Daha sonra ana kuyulardan doğrusal,yatay ve çapraz çizgiler uzatılarak onların aynı düzleminde yerde yansımaları oluştu.Bu, ikisi arasında boşluk meydana getirdi.Asıl kuyularla üstlerindeki kopyaları arasında oluşan kapılar aynı düzlemde aslı ile yerdeki kopyası arasına yansıyordu.Onlar, İlk olanların boyutsal büyüklüğünden küçük ama birebir kopyaları olup ayna şeklindelerdi.Karenin köşelerine yerleştirilmiş dördünün arka taraflarındaki bölgelerde yaşam alanları görünüyordu. Bunları birbirinden ayıran geçitlerdi içinde dönen girdaplarla aynalar.Yani dört boyut arasındaki kapılardı ve her birinin yanında kadim yazılar bulunuyordu.Elflerin yerdeki yansıması arasında oluşan kapıda Schnuddrix,cücelerininkinde Trouchall,insanlarınkinde Paradruin ve diğerinde ise Phargath yazmaktaydı.

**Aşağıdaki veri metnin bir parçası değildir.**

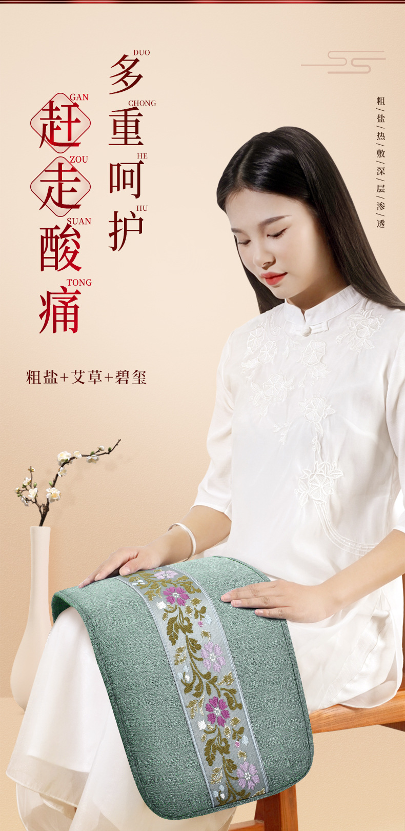 茗振海塩艾草ホットパック肩口粗塩全身通用電熱パック保温保護腰塩袋代理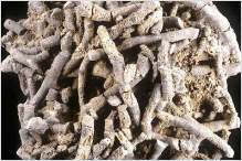 Foto links: Ästige Stromatopore Amphipora sp., Bildbreite 12 cm; Lutz Koch, Galerie "Fossilien aus dem Schwelm-Kalk", http://www.l-koch.de/galerie-f/s6.htm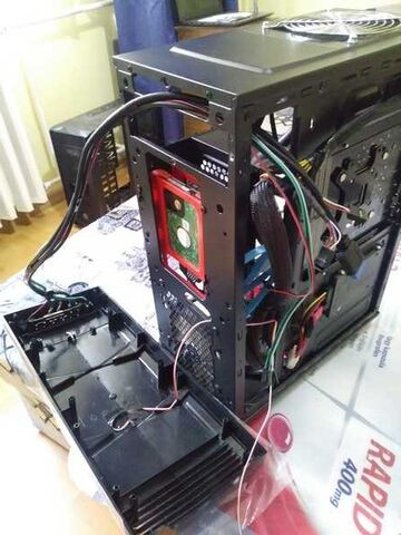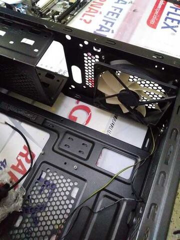 Így bő ujjnyi hely lett a levegőnek, pont elég. Előre egy 120 mm-es termal kontrollos ventillátor került, ez 530 rpm forog terheletlenül, hangja nincs, de levegőt szállít.![]()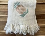 Vintage Faribo Wool Blend Cream Fringe Throw Blanket With Pineapple Accent 44x51

Asıl kuyulardan oluşan silindirik ışınların oluşturduğu kolonların arasındaki geçitlerde ise Cypraqual kelimesi görünüyordu.
Büyücünün afallamış bir şekilde gördüğü bu oluşum yanındaki kişinin düşündüğü tasarımdı.O hiçbir şeyin farkında olmayıp izlerken Şaman değişim geçirmiş ve kötülük tanrısı Asdachene dönüşmüştü.Bu meydana gelen temelde yüce tanrının yaptığı tasarının benzeriydi ama Asdachen’ in onların arasında gerçekleştirdiği sanal öte yandan ölümlüler arasında gerçek olandı.O, Cypraqual yazan kapılardan giremiyordu ancak bu yaprakların boyut kapılarını açması sayesinde bunu başarmıştı.Bu oluşum zamandan ve her hangi bir kuramdan bağımsız tanrıların aleminde Kötülük Tanrı’ sının düşüncesinin yansımasıydı.O, ölümlülerin kendi dünyalarında ‘düş’ olarak bildiği durumu yaşamıştı. Açılan geçitlerden dünyalar arasında geçişler olmaya başlıyordu ölümlülerin boyutunda gerçek olarak.Aslında yansıması olan büyücünün yanındaki tezahürü bu yere giremezdi şayet yapraklar olmasaydı.Tanrının düş olarak gördüğü ancak büyücünün ve diğer yaratımların gerçek olarak yaşadığı bu oluşum, onun diğer üçünden daha aşağı seviyedeki tanrıların yandaşlık etmesiyle –onların yardımıyla bu düşünü diğerlerinden gizlemişti- meydana gelmişti.Yüce Tanrı binanın temelini atmış ve sahipleri arasındaki sorunlar yapı yıkılmadığı sürece onun umrunda değildi.
Ansomal bu gördüklerinin hiç birini hatırlamayacaktı. O, tanrının düşünde bunun oluşmasını ve girişi sağlayan bir piyondu.
Asdachen’ in düşü ölümlülerin boyutu için tamamen gerçekti. Yani gezgin aynı yerde ama artık tek bir boyuttaydı.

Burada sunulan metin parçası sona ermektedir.